Schwester Fides, Rektorin:
"Auch an der staatlichen Schule hat dieses Ordensgewand sein Recht, denn es basiert ja auf der christlich-abendländischen Kultur."

Derya Ulas, Grundschullehrerin:
"Ich finde es nicht richtig, dass Menschen in religiösen Trachten vor der Klasse stehen und wenn das dann auch noch eine staatliche Schule ist, finde ich das erst recht nicht richtig. Ich denke, es geht mir sowohl um das Kopftuch, als auch um die religiöse Tracht eines Christen oder eines Menschen jüdischen Glaubens. An staatlichen Schulen finde ich es nicht richtig. An privaten Schulen können sie das gerne tun und da können Eltern auch gerne selbst entscheiden, wenn sie möchten, dass ihre Kinder religiös erzogen werden, dass sie ihre Kinder dort hinschicken."

Rütli-Oberschule in Berlin-Neukölln. Auch hier sind 70 Prozent der Kinder nichtdeutscher Herkunft. Die Schulleiterin hat eine klare Position: sie versucht, religiöse Symbole aus der Schule herauszuhalten. Sie redet mit muslimischen Eltern, macht ihnen klar, daß das Kopftuch an ihrer Schule nicht so gerne gesehen ist. Und mit dieser Position schafft sie sich Feinde. Sie wird bedroht, bekommt annonyme Briefe wie diesen.

"Wir warnen sie - wagen sie es nicht, das Kopftuch zu verbieten", heißt es da. "Wir setzen das Kopftuch durch und wir siegen. Unsere Religion ist die höchste Religion und daran haben sich die Deutschen zu halten."

Brigitte Pick, Schulleiterin:
"Es ist ein unglaubliches Flugblatt gewesen, was auch an meine Schule kam und zwar anonym. Wir waren entsetzt und ich nehme solche Drohungen auch durchaus ernst."

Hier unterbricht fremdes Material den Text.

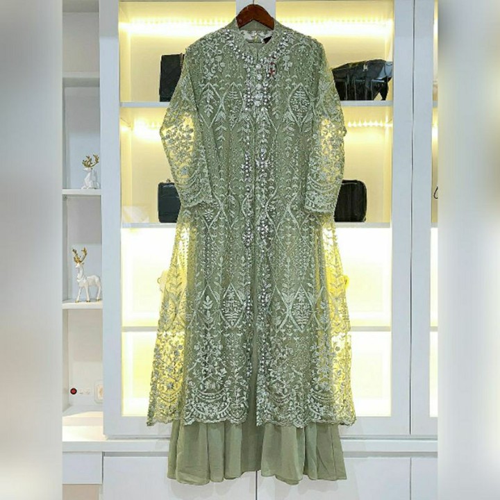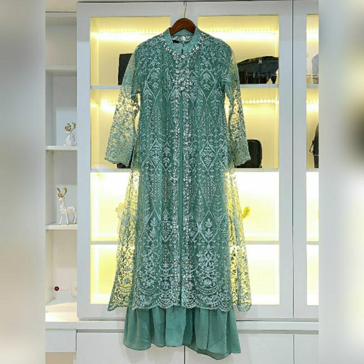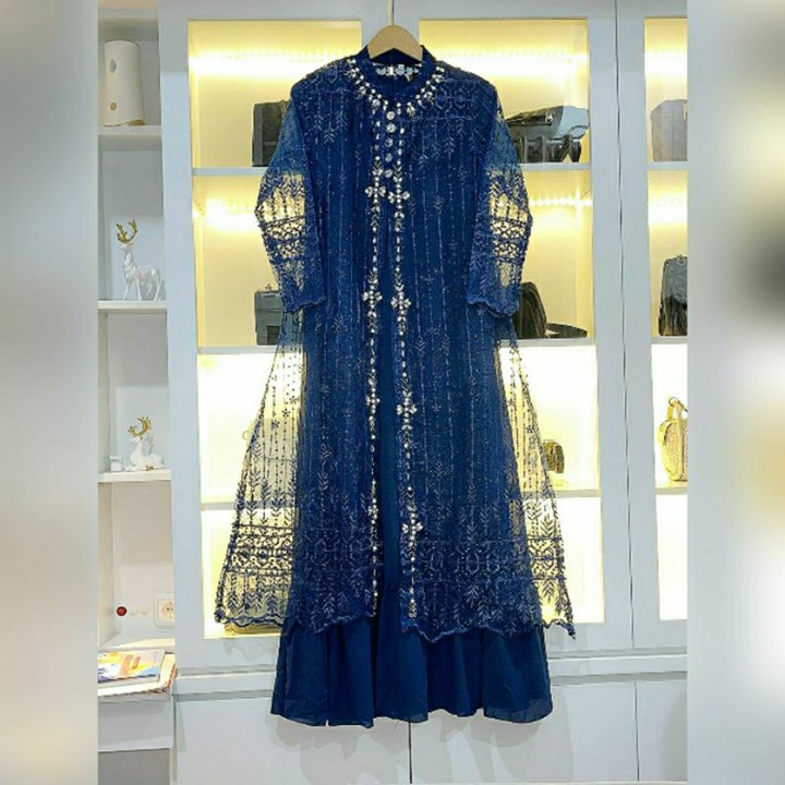 Produk ini menonjol dengan desain gamis modern yang menggabungkan estetika batik tradisional dengan potongan dress yang kekinian, sangat cocok untuk acara pesta atau perayaan Lebaran. Fitur unggulan meliputi jahitan yang rapi dan profesional, serta desain resleting di bagian depan yang memudahkan penggunaan. Tersedia juga opsi rompi lepas pasang yang menambah fleksibilitas gaya, membuat satu set pakaian dapat digunakan untuk berbagai kesempatan formal maupun semi-formal dengan variasi tampilan yang dinamis.
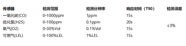 傳感器配置 LEL/O2/CO/H2S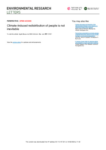 Boas, I., Sterly, H., Farbotko, C., Hulme, M., Benveniste, H., Schewel, K.D., Bettini, G., Borderon, M., Hoffmann, R., van der Geest, K., Durand-Delacre, D., Selby, J., Wrathall, D.J., Baldwin, A., Benítez Cortés, A., Bukari, K.N,, Bunchuay-Peth, S., Capisani, S., Codjoe, S.N.A., Dahm, R., et al. (2025). Climate-induced redistribution of people is not inevitable. Environmental Research Letters 10.1088/1748-9326/adfdfd. (In Press)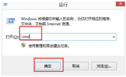 2、在運行窗口頁面中,輸入:cmd,打開管理員頁面。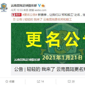 中新网客户端1月21日电 21日,中乙球队云南昆陆足球俱乐部宣布正式更名为昆明郑和船工足球俱乐部,这一名称也获网友点赞。
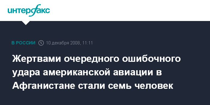 По данным представителей вооруженных сил США, удар был нанесен "по ошибке" в тот момент, когда американская авиация выслеживала талибов в районе афганского города Калат (провинция Забуль). "Мы глубоко сожалеем в связи с этим происшествием, в результате которого погибли семь и ранения получили 13 человек. Начато расследование", - отмечается в коммюнике, распространенном армией США.
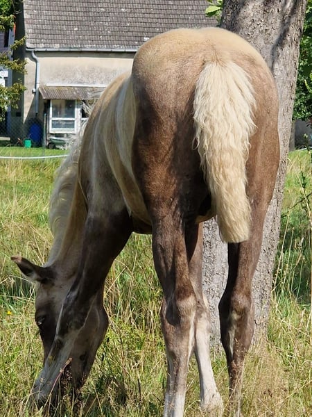 'COPILOT' to bardzo typowy i obiecujący Niemiecki Kuc w formacie XXL. Z doskonałym charakterem i bardzo dobrą mechaniką chodu, przed nim otwierają się wszystkie drzwi! Był zwycięzcą pokazu źrebiąt w Reichenwalde oraz uczestnikiem championatu źrebiąt w Neustadt Dosse. Na naszym gospodarstwie mamy również jego pełną siostrę. W wieku 4 lat wygrała test wydolności klaczy w Neustadt Dosse i w tym roku zdobyła swoją nagrodę państwową. Zachwyca najlepszą jezdnością i chęcią do pracy! Rodzice to wszechstronne konie (uzdolnione zarówno w ujeżdżeniu, jak i skokach oraz w konkurencji wszechstronnej). Życzymy sobie wspaniałego domu dla tej gwiazdy przyszłości! Jest już wykastrowany, oczywiście zaszczepiony i wielokrotnie odrobaczony, a także regularnie pokazywany kowalowi. Oczekiwany wzrost szacujemy na 155-160 cm. Może pozostać tutaj na dalszą hodowlę.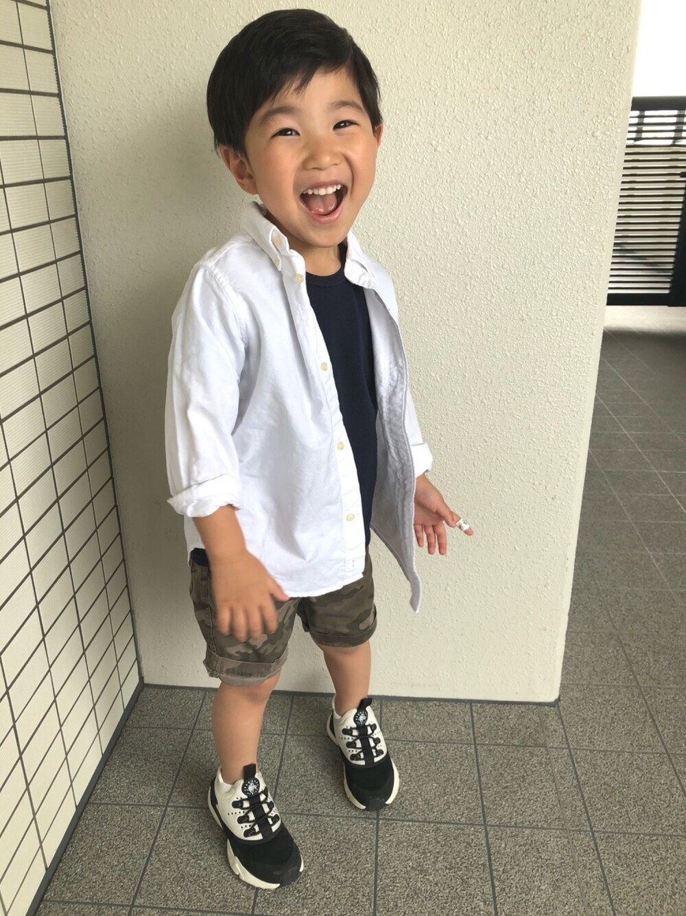 あったかかった今日は ショートパンツはじめました 羽織は要らなかったようで 帰りはTシャツ1枚でした ヘアカット行く前にパチリ カメラ向けるとふざける4歳のこの頃 UNIQLOの迷彩ショートパンツは3年目 さすがにサイズアウトかと思いきや まだいけそう!!

Auch die Bundestagsabgeordnete Lale Akgün wird massiv unter Druck gesetzt, denn auch sie ist gegen das Kopftuch für Lehrerinnen. Seit ein paar Monaten wird sie bedroht, in E-Mails, in Briefen und am Telefon.

Lale Akgün, MdB SPD:
"Ich habe keine Angst und ich werde den Mund nicht halten und werde immer meine Meinung sagen. Ich stehe zu meiner Meinung, die sagt: Schule muss ein neutraler Ort bleiben und Lehrerinnen dürfen kein Kopftuch tragen. Wenn schon diese, meiner Meinung nach bescheidene, eigentlich sehr umgrenzte Aussage solche Reaktionen hervorruft, dann können Sie sich ja vorstellen, mit was für Menschen wir es zu tun haben."

Eigentlich geht es nur um ein Stück Stoff, sagt Derya Ulas von der Grundschule in Berlin-Wedding. Aber sie hat Angst. Angst, dass sich an diesem Stück Stoff ein Kulturkampf in Deutschland entzündet.
Wir in Deutschland haben die Trennung zwischen Kirche und Staat nie wirklich konsequent vollzogen. Wir haben vor allem nicht damit gerechnet, dass neben den beiden christlichen Konfessionen andere Religionen in unserem Land Einfluß haben könnten. Es wird höchste Zeit, dass wir die Realität einholen und einlösen, was unsere Verfassung verspricht. Religion ist Privatsache, der Staat hat sich da nicht einzumischen. Erst recht nicht in der Schule.